Wednesday, June 26, 2013

Heartburn

Her teenage son enters, hefting a dufflebag. 

"Bye, Ma, I'm heading to yeshiva." 

She continues to tap away on her iPhone. 

"Ma, I'm leaving." 

She doesn't look up. 

"Ma? Off to yeshiva." 

"Uh-huh." She can't spare a glance away from the device. Seated at her kitchen table she continues to text, not seeing what I'm seeing.

That hurt boy later mouths off to me at a simcha, and I don't let him get away with it. But I am not surprised. 

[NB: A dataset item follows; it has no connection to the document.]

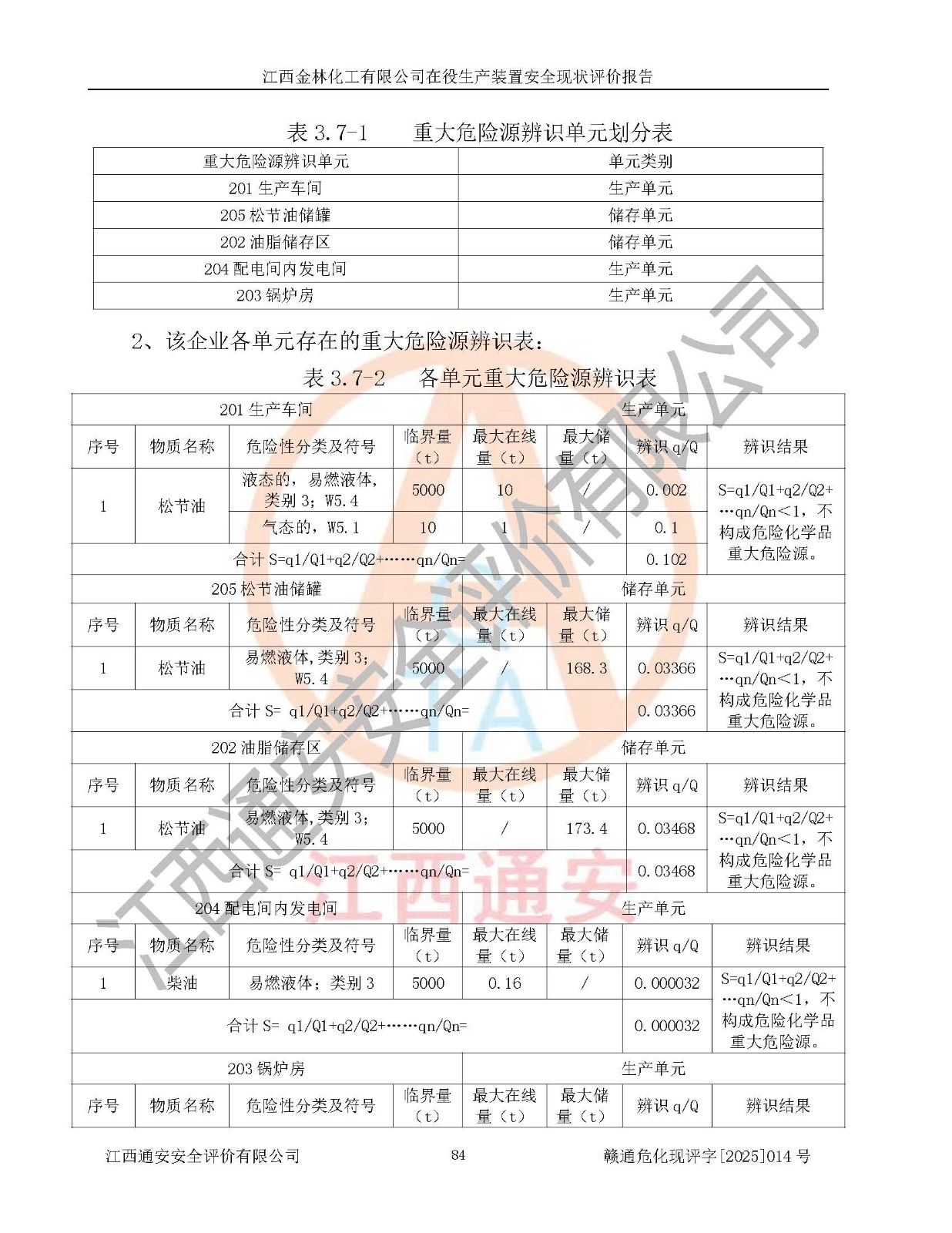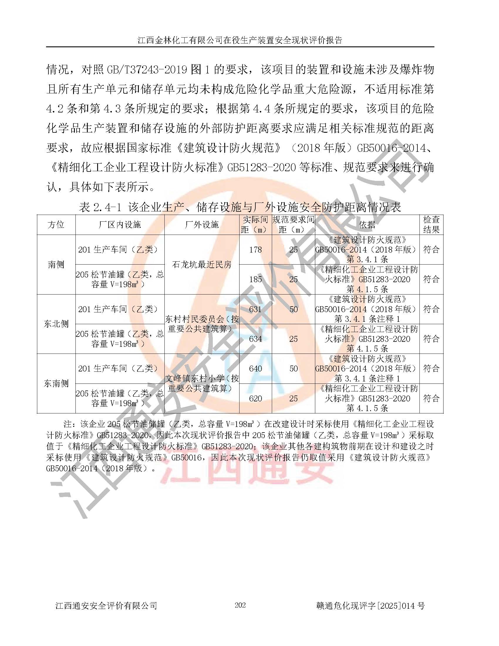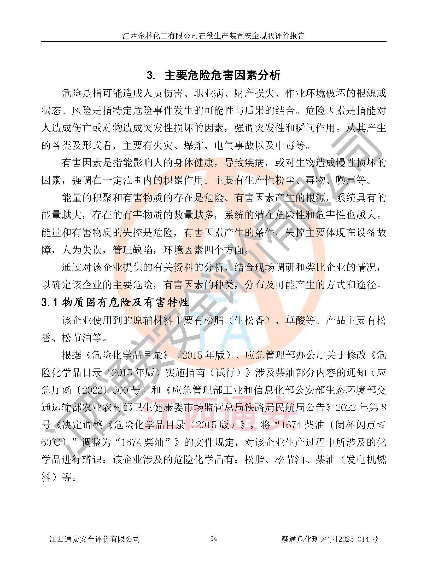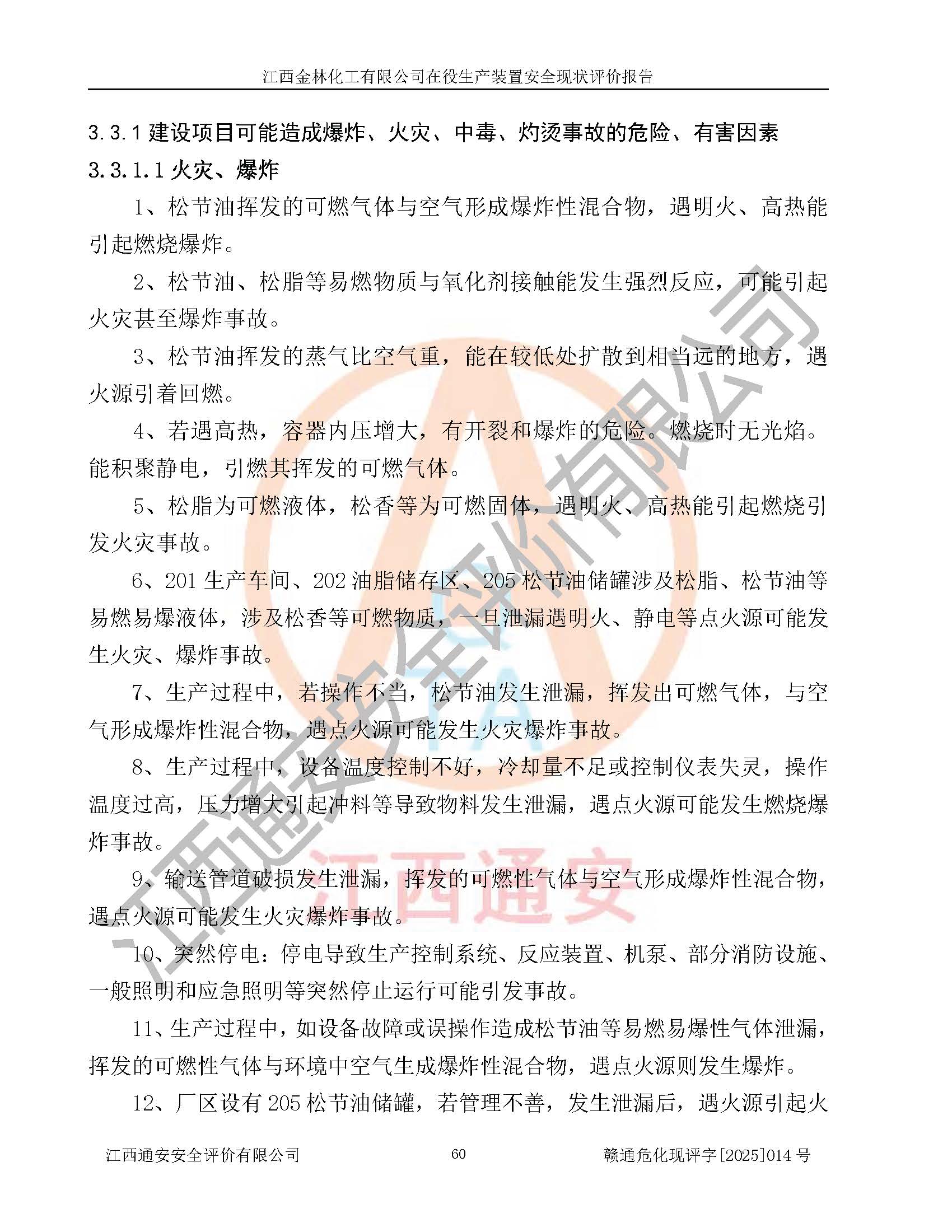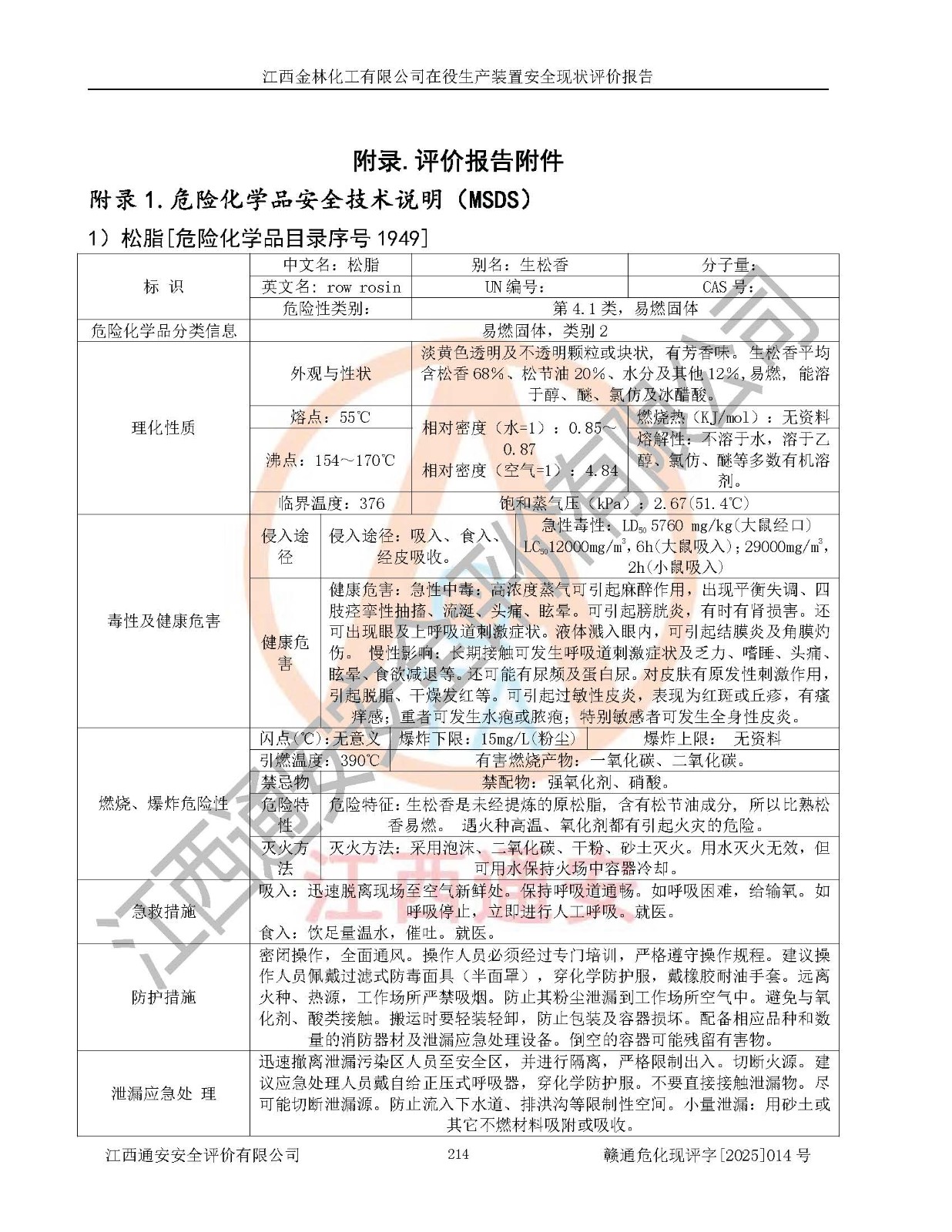 項目簡介 | 江西金林化工有限公司成立于2003年6月26日,并取得吉水縣市場監(jiān)督管理局頒發(fā)的《營業(yè)執(zhí)照》,營業(yè)執(zhí)照統(tǒng)一社會信用代碼:91360822748530538B。公司注冊住所:江西省吉安市吉水縣文峰工業(yè)城。法定**人:湯光耀,注冊資本:貳仟零壹拾玖萬元整。企業(yè)類型:有限責(zé)任公司(自然人投資或控股)。經(jīng)營范圍包括生產(chǎn)、銷售松節(jié)油、松香、林產(chǎn)化工產(chǎn)品、其它化工產(chǎn)品(含苯酚、甲醛)、橡膠產(chǎn)品、(憑化學(xué)危險品經(jīng)營許可證及消防安全檢查意見書經(jīng)營)、機械配件、紙張銷售。 江西金林化工有限公司于2022年8月23日進行了安全生產(chǎn)許可證換證,取得江西省應(yīng)急管理廳頒發(fā)的《安全生產(chǎn)許可證》,許可證編號為:(贛)WH安許證字[2005]0118號,許可范圍:松節(jié)油(2kt/a),**期2022年8月23日至2025年8月22日。 江西金林化工有限公司在役生產(chǎn)裝置為年產(chǎn)10000噸松香、2000噸松節(jié)油項目及其配套公用、輔助設(shè)施,主要產(chǎn)品有松香和松節(jié)油。 根據(jù)《危險化學(xué)品目錄》(2015年版)、應(yīng)急管理部辦公廳關(guān)于修改《危險化學(xué)品目錄(2015年版)實施指南(試行)》涉及柴油部分內(nèi)容的通知(應(yīng)急廳函〔2022〕300號)和《應(yīng)急管理部工業(yè)和信息化部公安部生態(tài)環(huán)境部交通運輸部農(nóng)業(yè)農(nóng)村部衛(wèi)生健康委市場監(jiān)管總局鐵路局民航局公告》2022年第8號《決定調(diào)整《危險化學(xué)品目錄(2015版)》,將“1674柴油〔閉杯閃點≤60℃〕”調(diào)整為“1674柴油”》的文件規(guī)定,對該企業(yè)生產(chǎn)過程中所涉及的化學(xué)品進行辨識:該企業(yè)涉及的危險化學(xué)品有:松脂、松節(jié)油、柴油(發(fā)電機燃料)等。 | |||

As Barbara Fredrickson observes in her article, "Your Phone vs. Your Heart"
Most of us are well aware of the convenience that instant electronic access provides. Less has been said about the costs. 
The irony is that while technology allows unprecedented convenience for connectivity, we are connecting less than ever before (typing "lol" for a re-sent joke does not count as "connecting," by the way).
Plasticity, the propensity to be shaped by experience, isn’t limited to the brain. You already know that when you lead a sedentary life, your muscles atrophy to diminish your physical strength. What you may not know is that your habits of social connection also leave their own physical imprint on you.
How much time do you typically spend with others? And when you do, how connected and attuned to them do you feel? Your answers to these simple questions may well reveal your biological capacity to connect. 
When Elizabeth Bennet takes Darcy to task for his ill-manners, he replies stiffly that he doesn't have that ability that others do for easy conversation and association. Elizabeth retorts, following her barely adequate playing of the piano, that her lack is due to insufficient practice. 
Ignoring those who are physically present in consideration for the phantom chirping of a phone is not just bad behavior, but it also reinforces taciturnity.

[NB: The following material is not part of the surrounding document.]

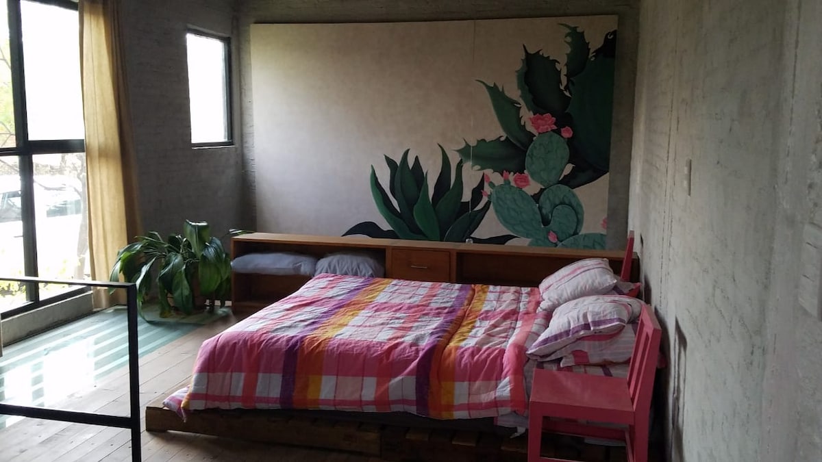 Loft, in front of the largest park in the city, next to the Hotel "Grand Fiesta Americana", 15 minutes from the temple of "Santo Domingo de Guzmán" and the best known tourist, cultural, wedding venues and entertainment attractions. Get to know the "Barrio de Jalatlaco", famous for its architecture and bohemian atmosphere. All walking. The terrace has an incomparable view of the mountains and the treetops. Design, location and functionality. An exclusive place to fall in love with Oaxaca!!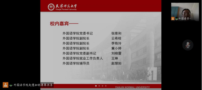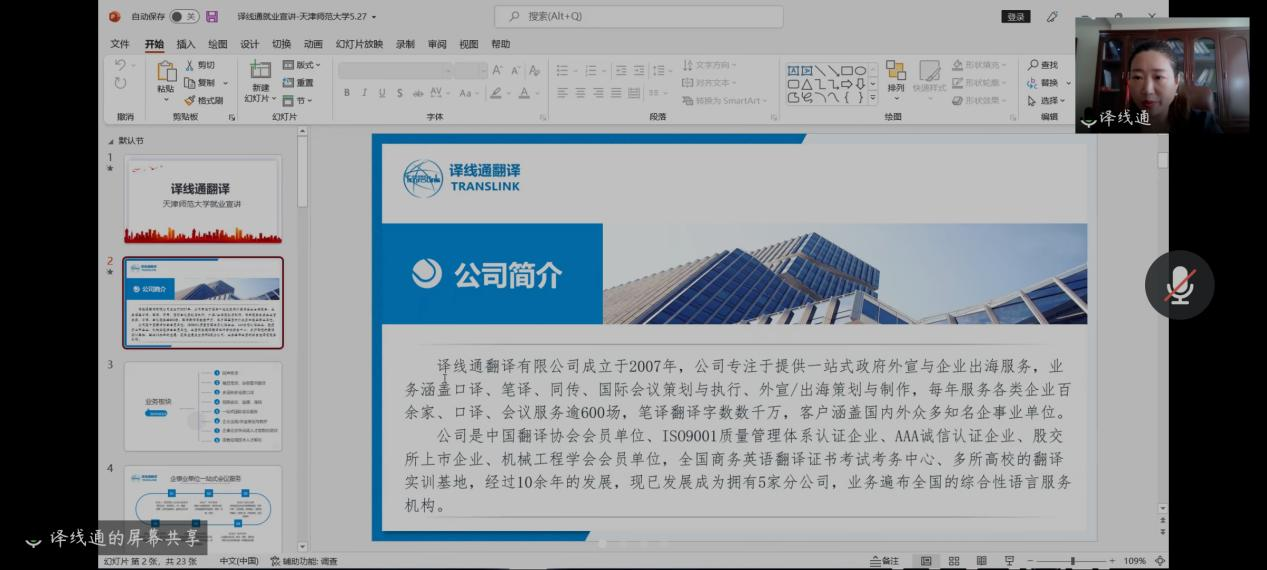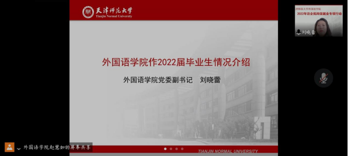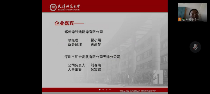 活动伊始,刘晓蕾老师为各位与会嘉宾介绍了公司2022届毕业生情况。郑州译线通翻译有限公司与深圳市汇合发展有限公司天津分公司相继介绍本单位情况及2022届毕业生招聘需求。随后,公司领导与企业代表就双方关心的问题进行洽谈交流,增进了双方的认识和交流。

Following some scientific jargon, Fredrickson explains that being able to relate to others is vital to other factors of bodily health. 
Beyond these health effects, the behavioral neuroscientist Stephen Porges has shown that vagal tone is central to things like facial expressivity and the ability to tune in to the frequency of the human voice. By increasing people’s vagal tone, we increase their capacity for connection, friendship and empathy.
In short, the more attuned to others you become, the healthier you become, and vice versa. This mutual influence also explains how a lack of positive social contact diminishes people. Your heart’s capacity for friendship also obeys the biological law of “use it or lose it.” If you don’t regularly exercise your ability to connect face to face, you’ll eventually find yourself lacking some of the basic biological capacity to do so.
Children, young, vibrant, and impressionable, require constant parental attention, nowadays more than ever before. 
Being repeatedly brushed aside for a cold piece of ringing plastic leaves a mark. Not a pleasant one. 
When you share a smile or laugh with someone face to face, a discernible synchrony emerges between you, as your gestures and biochemistries, even your respective neural firings, come to mirror each other. It’s micro-moments like these, in which a wave of good feeling rolls through two brains and bodies at once, that build your capacity to empathize as well as to improve your health.  

4 comments:

  1. Wow. That is really, really unusual, I think. That a woman old enough to have a son going off to yeshiva (let's say, about mid to late 30's) is so "teen-like" that she is more engrossed in her iPhone than her son. Interesting. Not typical of that age group.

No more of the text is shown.